TASK PROMPT:
Could you output every record again, exactly as given?

== Segment start ==

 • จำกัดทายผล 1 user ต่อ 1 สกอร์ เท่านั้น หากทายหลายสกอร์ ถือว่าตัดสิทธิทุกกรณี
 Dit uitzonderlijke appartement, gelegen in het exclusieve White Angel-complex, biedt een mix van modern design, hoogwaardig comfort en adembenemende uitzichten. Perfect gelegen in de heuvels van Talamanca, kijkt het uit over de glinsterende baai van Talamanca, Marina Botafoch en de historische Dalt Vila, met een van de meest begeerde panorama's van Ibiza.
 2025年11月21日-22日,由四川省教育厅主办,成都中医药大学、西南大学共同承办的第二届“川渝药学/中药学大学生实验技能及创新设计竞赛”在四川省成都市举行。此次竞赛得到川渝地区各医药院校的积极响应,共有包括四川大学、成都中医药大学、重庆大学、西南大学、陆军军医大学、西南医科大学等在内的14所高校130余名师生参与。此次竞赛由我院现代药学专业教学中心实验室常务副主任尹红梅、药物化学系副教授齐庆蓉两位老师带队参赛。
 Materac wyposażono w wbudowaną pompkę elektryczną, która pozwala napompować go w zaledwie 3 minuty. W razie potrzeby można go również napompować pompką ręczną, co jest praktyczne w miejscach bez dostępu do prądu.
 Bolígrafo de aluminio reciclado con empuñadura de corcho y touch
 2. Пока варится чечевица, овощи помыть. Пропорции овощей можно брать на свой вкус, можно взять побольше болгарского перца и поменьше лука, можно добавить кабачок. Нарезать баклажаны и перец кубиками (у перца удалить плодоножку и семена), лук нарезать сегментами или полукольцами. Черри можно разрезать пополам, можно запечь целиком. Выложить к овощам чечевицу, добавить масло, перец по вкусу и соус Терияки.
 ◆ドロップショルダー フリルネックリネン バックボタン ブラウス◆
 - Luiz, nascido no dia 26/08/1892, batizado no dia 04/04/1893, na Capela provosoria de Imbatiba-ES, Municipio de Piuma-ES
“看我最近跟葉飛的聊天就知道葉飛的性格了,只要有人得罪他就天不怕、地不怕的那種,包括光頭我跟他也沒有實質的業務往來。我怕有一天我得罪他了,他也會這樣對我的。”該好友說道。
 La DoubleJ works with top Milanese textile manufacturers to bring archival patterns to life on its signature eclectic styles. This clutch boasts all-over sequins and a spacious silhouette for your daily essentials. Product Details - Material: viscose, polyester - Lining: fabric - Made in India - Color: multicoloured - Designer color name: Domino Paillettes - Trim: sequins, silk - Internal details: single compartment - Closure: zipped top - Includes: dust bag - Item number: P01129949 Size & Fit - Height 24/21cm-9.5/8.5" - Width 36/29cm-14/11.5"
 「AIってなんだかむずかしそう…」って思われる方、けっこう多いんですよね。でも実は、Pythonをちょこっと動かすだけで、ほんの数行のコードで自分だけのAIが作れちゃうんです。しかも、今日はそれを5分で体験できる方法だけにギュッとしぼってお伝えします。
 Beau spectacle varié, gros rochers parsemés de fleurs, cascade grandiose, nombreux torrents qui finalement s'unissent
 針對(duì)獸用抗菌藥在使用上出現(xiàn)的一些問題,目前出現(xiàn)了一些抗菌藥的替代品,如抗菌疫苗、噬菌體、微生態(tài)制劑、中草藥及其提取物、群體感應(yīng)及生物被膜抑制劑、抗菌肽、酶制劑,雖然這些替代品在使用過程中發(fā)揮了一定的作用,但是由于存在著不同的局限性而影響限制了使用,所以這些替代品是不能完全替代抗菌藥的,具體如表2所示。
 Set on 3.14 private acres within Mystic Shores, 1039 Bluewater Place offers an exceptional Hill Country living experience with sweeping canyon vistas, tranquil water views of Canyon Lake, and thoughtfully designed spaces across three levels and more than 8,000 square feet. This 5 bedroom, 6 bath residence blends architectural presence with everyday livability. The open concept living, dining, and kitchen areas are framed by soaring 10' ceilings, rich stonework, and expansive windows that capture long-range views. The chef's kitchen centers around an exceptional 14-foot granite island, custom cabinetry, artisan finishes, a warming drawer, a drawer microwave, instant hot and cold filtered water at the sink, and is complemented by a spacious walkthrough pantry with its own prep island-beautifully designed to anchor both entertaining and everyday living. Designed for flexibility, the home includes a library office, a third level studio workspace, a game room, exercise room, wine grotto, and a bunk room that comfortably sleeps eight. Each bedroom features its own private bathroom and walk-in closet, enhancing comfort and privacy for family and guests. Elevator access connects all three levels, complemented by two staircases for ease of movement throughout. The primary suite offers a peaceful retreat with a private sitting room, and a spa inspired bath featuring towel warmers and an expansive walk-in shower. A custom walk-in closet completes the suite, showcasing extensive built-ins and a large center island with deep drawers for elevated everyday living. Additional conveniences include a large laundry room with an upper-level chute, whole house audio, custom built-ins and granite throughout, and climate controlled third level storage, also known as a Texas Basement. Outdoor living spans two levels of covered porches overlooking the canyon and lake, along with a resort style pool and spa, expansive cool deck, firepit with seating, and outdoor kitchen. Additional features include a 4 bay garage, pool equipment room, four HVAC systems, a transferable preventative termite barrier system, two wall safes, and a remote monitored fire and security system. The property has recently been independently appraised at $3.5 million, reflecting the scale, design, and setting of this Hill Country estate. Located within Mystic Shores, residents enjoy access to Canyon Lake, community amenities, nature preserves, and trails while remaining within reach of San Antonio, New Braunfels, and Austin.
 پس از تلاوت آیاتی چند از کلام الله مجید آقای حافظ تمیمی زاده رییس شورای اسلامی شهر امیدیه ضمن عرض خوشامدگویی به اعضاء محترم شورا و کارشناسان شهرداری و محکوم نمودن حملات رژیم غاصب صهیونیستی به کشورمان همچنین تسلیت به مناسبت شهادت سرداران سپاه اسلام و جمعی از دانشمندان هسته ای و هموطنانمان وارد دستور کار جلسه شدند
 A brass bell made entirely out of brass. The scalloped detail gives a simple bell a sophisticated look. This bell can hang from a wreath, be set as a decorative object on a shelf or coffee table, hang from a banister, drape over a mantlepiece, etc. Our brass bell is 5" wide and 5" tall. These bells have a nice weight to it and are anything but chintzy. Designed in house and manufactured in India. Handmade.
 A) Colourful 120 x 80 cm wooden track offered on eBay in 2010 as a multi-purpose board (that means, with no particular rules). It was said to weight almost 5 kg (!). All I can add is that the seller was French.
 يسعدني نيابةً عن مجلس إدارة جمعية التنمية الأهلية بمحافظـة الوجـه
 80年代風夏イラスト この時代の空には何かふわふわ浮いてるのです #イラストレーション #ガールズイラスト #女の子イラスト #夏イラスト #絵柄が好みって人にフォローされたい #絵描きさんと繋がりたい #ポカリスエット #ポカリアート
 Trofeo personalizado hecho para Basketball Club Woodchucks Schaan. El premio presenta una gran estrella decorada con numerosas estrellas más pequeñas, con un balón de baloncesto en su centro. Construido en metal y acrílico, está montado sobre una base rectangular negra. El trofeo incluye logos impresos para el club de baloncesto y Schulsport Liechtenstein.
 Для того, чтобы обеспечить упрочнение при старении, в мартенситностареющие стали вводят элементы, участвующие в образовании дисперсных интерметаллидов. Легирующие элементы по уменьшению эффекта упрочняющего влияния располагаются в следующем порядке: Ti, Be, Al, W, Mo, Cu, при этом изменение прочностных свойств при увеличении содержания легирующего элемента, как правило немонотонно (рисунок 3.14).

== Segment end ==

SOLUTION FOR THIS EXERCISE:
 • จำกัดทายผล 1 user ต่อ 1 สกอร์ เท่านั้น หากทายหลายสกอร์ ถือว่าตัดสิทธิทุกกรณี
 Dit uitzonderlijke appartement, gelegen in het exclusieve White Angel-complex, biedt een mix van modern design, hoogwaardig comfort en adembenemende uitzichten. Perfect gelegen in de heuvels van Talamanca, kijkt het uit over de glinsterende baai van Talamanca, Marina Botafoch en de historische Dalt Vila, met een van de meest begeerde panorama's van Ibiza.
 2025年11月21日-22日,由四川省教育厅主办,成都中医药大学、西南大学共同承办的第二届“川渝药学/中药学大学生实验技能及创新设计竞赛”在四川省成都市举行。此次竞赛得到川渝地区各医药院校的积极响应,共有包括四川大学、成都中医药大学、重庆大学、西南大学、陆军军医大学、西南医科大学等在内的14所高校130余名师生参与。此次竞赛由我院现代药学专业教学中心实验室常务副主任尹红梅、药物化学系副教授齐庆蓉两位老师带队参赛。
 Materac wyposażono w wbudowaną pompkę elektryczną, która pozwala napompować go w zaledwie 3 minuty. W razie potrzeby można go również napompować pompką ręczną, co jest praktyczne w miejscach bez dostępu do prądu.
 Bolígrafo de aluminio reciclado con empuñadura de corcho y touch
 2. Пока варится чечевица, овощи помыть. Пропорции овощей можно брать на свой вкус, можно взять побольше болгарского перца и поменьше лука, можно добавить кабачок. Нарезать баклажаны и перец кубиками (у перца удалить плодоножку и семена), лук нарезать сегментами или полукольцами. Черри можно разрезать пополам, можно запечь целиком. Выложить к овощам чечевицу, добавить масло, перец по вкусу и соус Терияки.
 ◆ドロップショルダー フリルネックリネン バックボタン ブラウス◆
 - Luiz, nascido no dia 26/08/1892, batizado no dia 04/04/1893, na Capela provosoria de Imbatiba-ES, Municipio de Piuma-ES
“看我最近跟葉飛的聊天就知道葉飛的性格了,只要有人得罪他就天不怕、地不怕的那種,包括光頭我跟他也沒有實質的業務往來。我怕有一天我得罪他了,他也會這樣對我的。”該好友說道。
 La DoubleJ works with top Milanese textile manufacturers to bring archival patterns to life on its signature eclectic styles. This clutch boasts all-over sequins and a spacious silhouette for your daily essentials. Product Details - Material: viscose, polyester - Lining: fabric - Made in India - Color: multicoloured - Designer color name: Domino Paillettes - Trim: sequins, silk - Internal details: single compartment - Closure: zipped top - Includes: dust bag - Item number: P01129949 Size & Fit - Height 24/21cm-9.5/8.5" - Width 36/29cm-14/11.5"
 「AIってなんだかむずかしそう…」って思われる方、けっこう多いんですよね。でも実は、Pythonをちょこっと動かすだけで、ほんの数行のコードで自分だけのAIが作れちゃうんです。しかも、今日はそれを5分で体験できる方法だけにギュッとしぼってお伝えします。
 Beau spectacle varié, gros rochers parsemés de fleurs, cascade grandiose, nombreux torrents qui finalement s'unissent
 針對(duì)獸用抗菌藥在使用上出現(xiàn)的一些問題,目前出現(xiàn)了一些抗菌藥的替代品,如抗菌疫苗、噬菌體、微生態(tài)制劑、中草藥及其提取物、群體感應(yīng)及生物被膜抑制劑、抗菌肽、酶制劑,雖然這些替代品在使用過程中發(fā)揮了一定的作用,但是由于存在著不同的局限性而影響限制了使用,所以這些替代品是不能完全替代抗菌藥的,具體如表2所示。
 Set on 3.14 private acres within Mystic Shores, 1039 Bluewater Place offers an exceptional Hill Country living experience with sweeping canyon vistas, tranquil water views of Canyon Lake, and thoughtfully designed spaces across three levels and more than 8,000 square feet. This 5 bedroom, 6 bath residence blends architectural presence with everyday livability. The open concept living, dining, and kitchen areas are framed by soaring 10' ceilings, rich stonework, and expansive windows that capture long-range views. The chef's kitchen centers around an exceptional 14-foot granite island, custom cabinetry, artisan finishes, a warming drawer, a drawer microwave, instant hot and cold filtered water at the sink, and is complemented by a spacious walkthrough pantry with its own prep island-beautifully designed to anchor both entertaining and everyday living. Designed for flexibility, the home includes a library office, a third level studio workspace, a game room, exercise room, wine grotto, and a bunk room that comfortably sleeps eight. Each bedroom features its own private bathroom and walk-in closet, enhancing comfort and privacy for family and guests. Elevator access connects all three levels, complemented by two staircases for ease of movement throughout. The primary suite offers a peaceful retreat with a private sitting room, and a spa inspired bath featuring towel warmers and an expansive walk-in shower. A custom walk-in closet completes the suite, showcasing extensive built-ins and a large center island with deep drawers for elevated everyday living. Additional conveniences include a large laundry room with an upper-level chute, whole house audio, custom built-ins and granite throughout, and climate controlled third level storage, also known as a Texas Basement. Outdoor living spans two levels of covered porches overlooking the canyon and lake, along with a resort style pool and spa, expansive cool deck, firepit with seating, and outdoor kitchen. Additional features include a 4 bay garage, pool equipment room, four HVAC systems, a transferable preventative termite barrier system, two wall safes, and a remote monitored fire and security system. The property has recently been independently appraised at $3.5 million, reflecting the scale, design, and setting of this Hill Country estate. Located within Mystic Shores, residents enjoy access to Canyon Lake, community amenities, nature preserves, and trails while remaining within reach of San Antonio, New Braunfels, and Austin.
 پس از تلاوت آیاتی چند از کلام الله مجید آقای حافظ تمیمی زاده رییس شورای اسلامی شهر امیدیه ضمن عرض خوشامدگویی به اعضاء محترم شورا و کارشناسان شهرداری و محکوم نمودن حملات رژیم غاصب صهیونیستی به کشورمان همچنین تسلیت به مناسبت شهادت سرداران سپاه اسلام و جمعی از دانشمندان هسته ای و هموطنانمان وارد دستور کار جلسه شدند
 A brass bell made entirely out of brass. The scalloped detail gives a simple bell a sophisticated look. This bell can hang from a wreath, be set as a decorative object on a shelf or coffee table, hang from a banister, drape over a mantlepiece, etc. Our brass bell is 5" wide and 5" tall. These bells have a nice weight to it and are anything but chintzy. Designed in house and manufactured in India. Handmade.
 A) Colourful 120 x 80 cm wooden track offered on eBay in 2010 as a multi-purpose board (that means, with no particular rules). It was said to weight almost 5 kg (!). All I can add is that the seller was French.
 يسعدني نيابةً عن مجلس إدارة جمعية التنمية الأهلية بمحافظـة الوجـه
 80年代風夏イラスト この時代の空には何かふわふわ浮いてるのです #イラストレーション #ガールズイラスト #女の子イラスト #夏イラスト #絵柄が好みって人にフォローされたい #絵描きさんと繋がりたい #ポカリスエット #ポカリアート
 Trofeo personalizado hecho para Basketball Club Woodchucks Schaan. El premio presenta una gran estrella decorada con numerosas estrellas más pequeñas, con un balón de baloncesto en su centro. Construido en metal y acrílico, está montado sobre una base rectangular negra. El trofeo incluye logos impresos para el club de baloncesto y Schulsport Liechtenstein.
 Для того, чтобы обеспечить упрочнение при старении, в мартенситностареющие стали вводят элементы, участвующие в образовании дисперсных интерметаллидов. Легирующие элементы по уменьшению эффекта упрочняющего влияния располагаются в следующем порядке: Ti, Be, Al, W, Mo, Cu, при этом изменение прочностных свойств при увеличении содержания легирующего элемента, как правило немонотонно (рисунок 3.14).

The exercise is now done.